**Task to complete**
Take nothing but the lines from the one with "- Assemble: spread" through the one with "Met een krachtige" in the entries below, both ends kept, and return them exactly with pictures left out.

**Records provided**

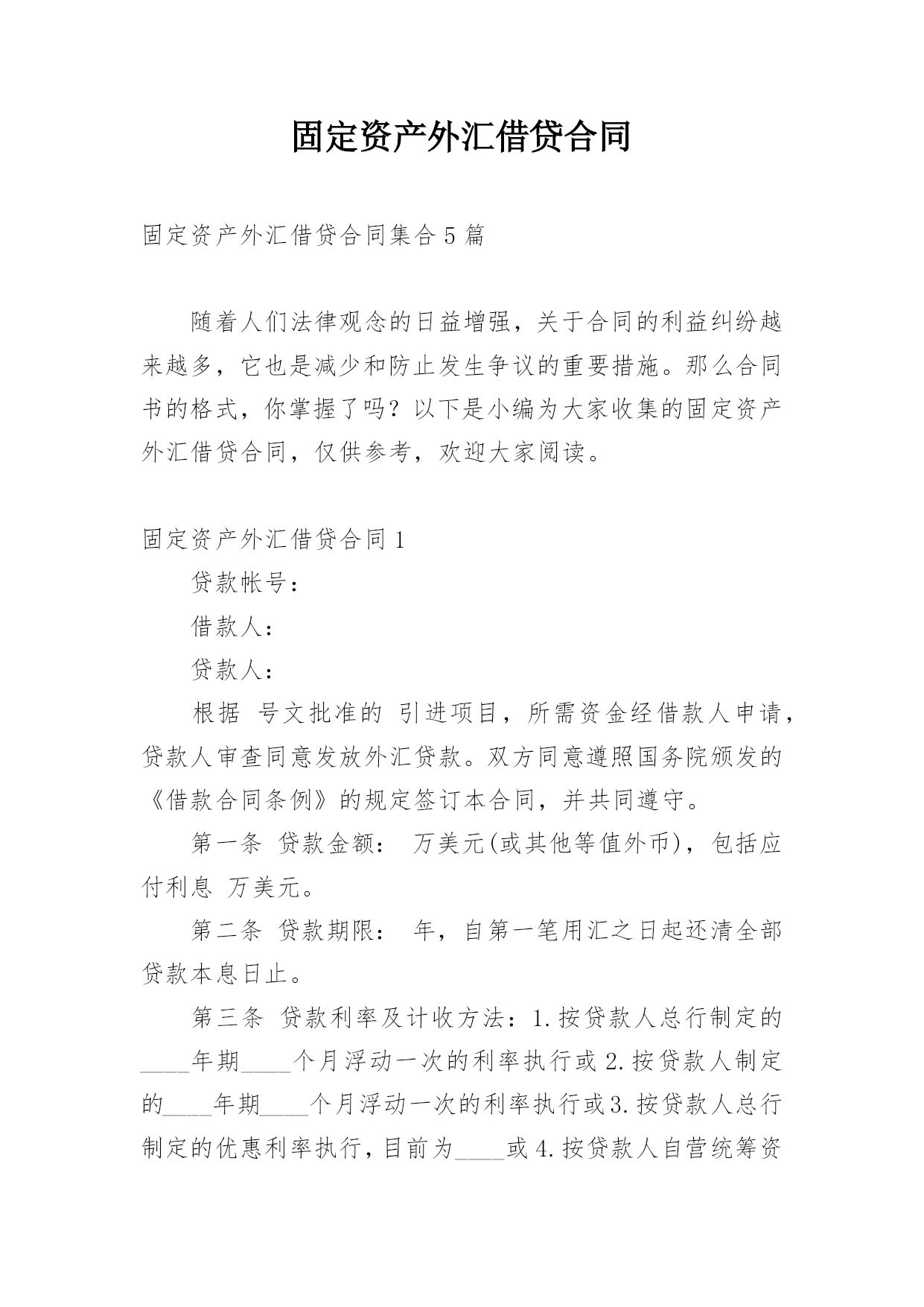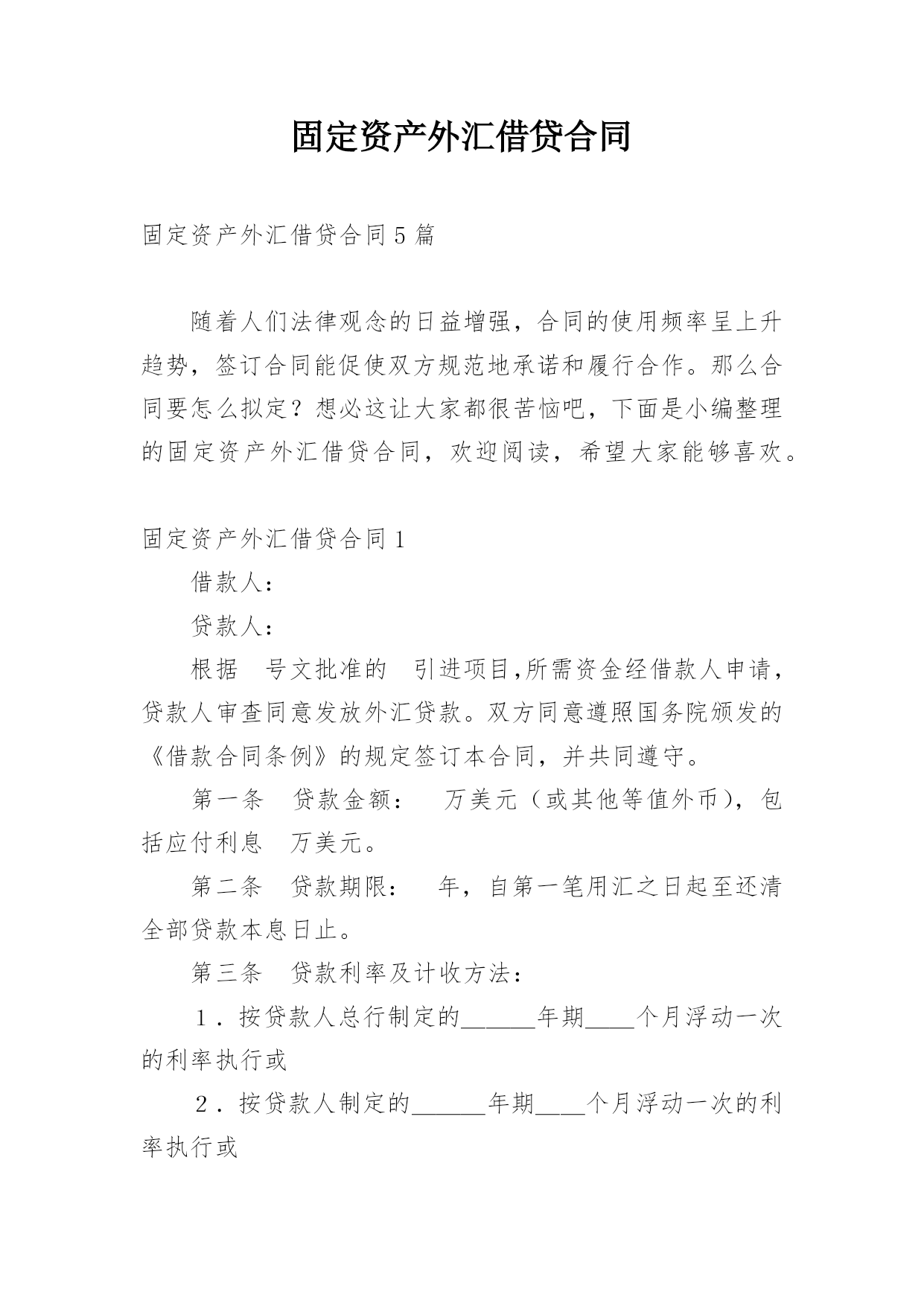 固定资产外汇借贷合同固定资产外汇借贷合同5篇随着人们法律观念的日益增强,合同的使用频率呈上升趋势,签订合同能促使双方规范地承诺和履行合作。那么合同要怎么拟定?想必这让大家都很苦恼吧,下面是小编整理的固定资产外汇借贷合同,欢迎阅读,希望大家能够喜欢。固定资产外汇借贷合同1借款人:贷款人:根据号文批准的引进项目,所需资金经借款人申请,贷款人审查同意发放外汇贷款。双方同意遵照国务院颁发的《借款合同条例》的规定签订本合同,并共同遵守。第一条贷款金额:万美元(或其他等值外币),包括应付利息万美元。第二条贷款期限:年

...

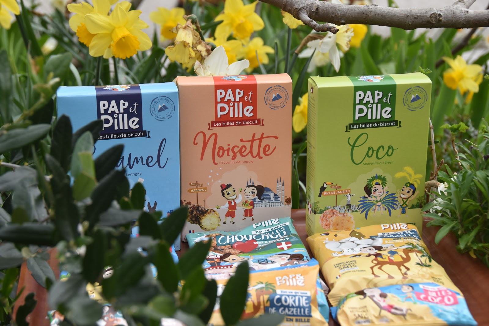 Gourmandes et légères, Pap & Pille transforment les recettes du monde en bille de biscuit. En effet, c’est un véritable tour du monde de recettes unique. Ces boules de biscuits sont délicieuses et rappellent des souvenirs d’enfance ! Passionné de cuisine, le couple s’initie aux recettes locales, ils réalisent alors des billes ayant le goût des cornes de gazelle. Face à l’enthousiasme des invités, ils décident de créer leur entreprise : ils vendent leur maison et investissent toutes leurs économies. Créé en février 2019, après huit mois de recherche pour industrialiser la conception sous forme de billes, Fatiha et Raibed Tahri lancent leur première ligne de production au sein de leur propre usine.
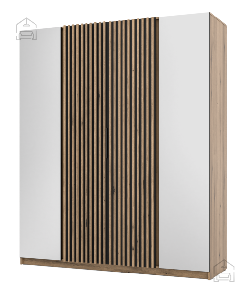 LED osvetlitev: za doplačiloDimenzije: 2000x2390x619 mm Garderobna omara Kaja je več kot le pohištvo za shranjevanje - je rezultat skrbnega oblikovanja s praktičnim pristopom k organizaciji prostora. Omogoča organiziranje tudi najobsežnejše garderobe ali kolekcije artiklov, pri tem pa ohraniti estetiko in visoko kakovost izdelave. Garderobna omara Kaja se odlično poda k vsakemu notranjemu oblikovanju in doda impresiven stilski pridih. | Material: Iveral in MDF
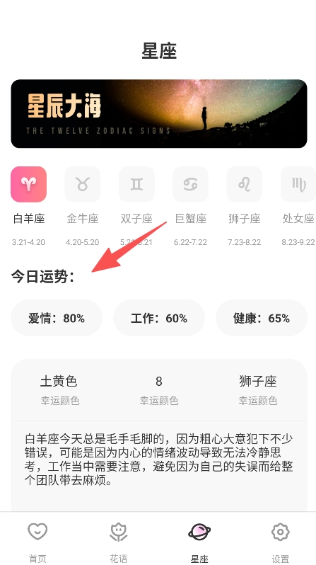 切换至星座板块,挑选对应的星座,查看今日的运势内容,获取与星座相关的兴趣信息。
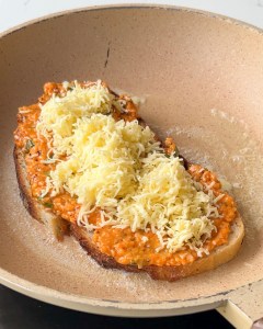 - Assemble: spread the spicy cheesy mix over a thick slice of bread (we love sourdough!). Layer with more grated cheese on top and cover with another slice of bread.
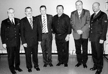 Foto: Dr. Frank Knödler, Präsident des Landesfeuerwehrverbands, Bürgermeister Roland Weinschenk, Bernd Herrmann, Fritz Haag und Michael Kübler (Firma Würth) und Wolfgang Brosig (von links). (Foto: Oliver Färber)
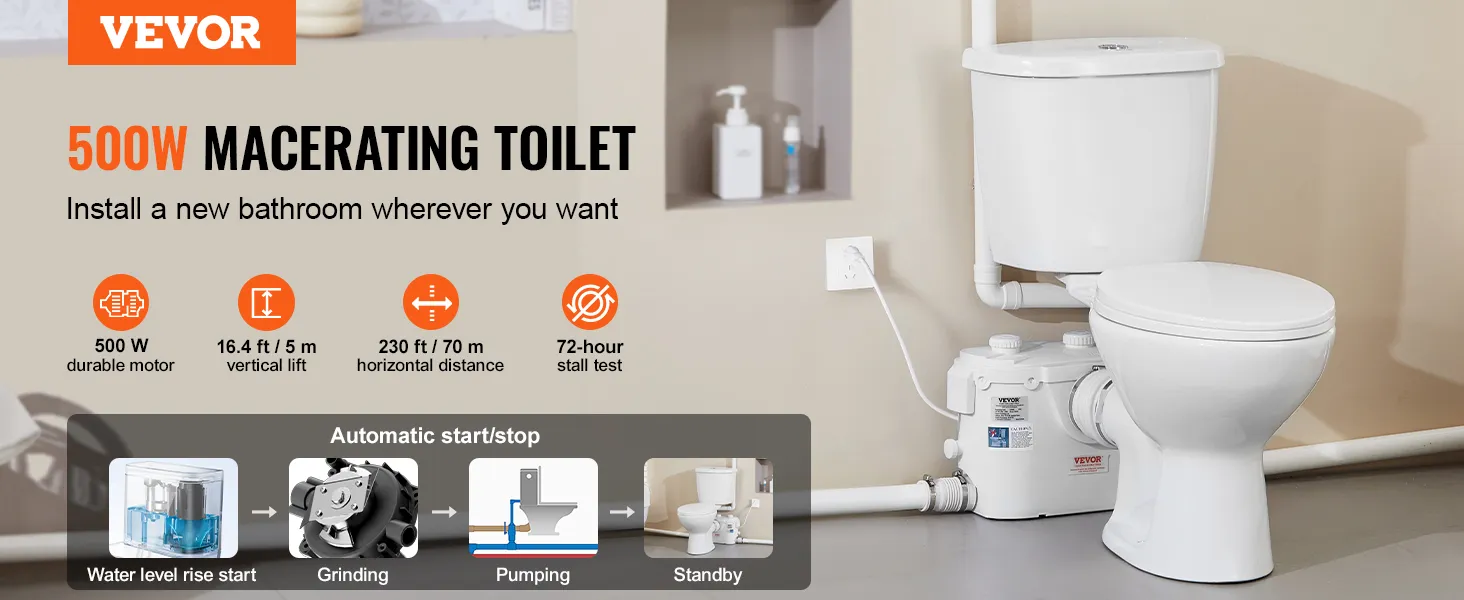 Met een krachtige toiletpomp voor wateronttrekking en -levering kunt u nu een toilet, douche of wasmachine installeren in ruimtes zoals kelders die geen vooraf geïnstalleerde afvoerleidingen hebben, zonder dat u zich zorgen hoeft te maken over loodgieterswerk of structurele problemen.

**Completed task**
 - Assemble: spread the spicy cheesy mix over a thick slice of bread (we love sourdough!). Layer with more grated cheese on top and cover with another slice of bread.
 Foto: Dr. Frank Knödler, Präsident des Landesfeuerwehrverbands, Bürgermeister Roland Weinschenk, Bernd Herrmann, Fritz Haag und Michael Kübler (Firma Würth) und Wolfgang Brosig (von links). (Foto: Oliver Färber)
 Met een krachtige toiletpomp voor wateronttrekking en -levering kunt u nu een toilet, douche of wasmachine installeren in ruimtes zoals kelders die geen vooraf geïnstalleerde afvoerleidingen hebben, zonder dat u zich zorgen hoeft te maken over loodgieterswerk of structurele problemen.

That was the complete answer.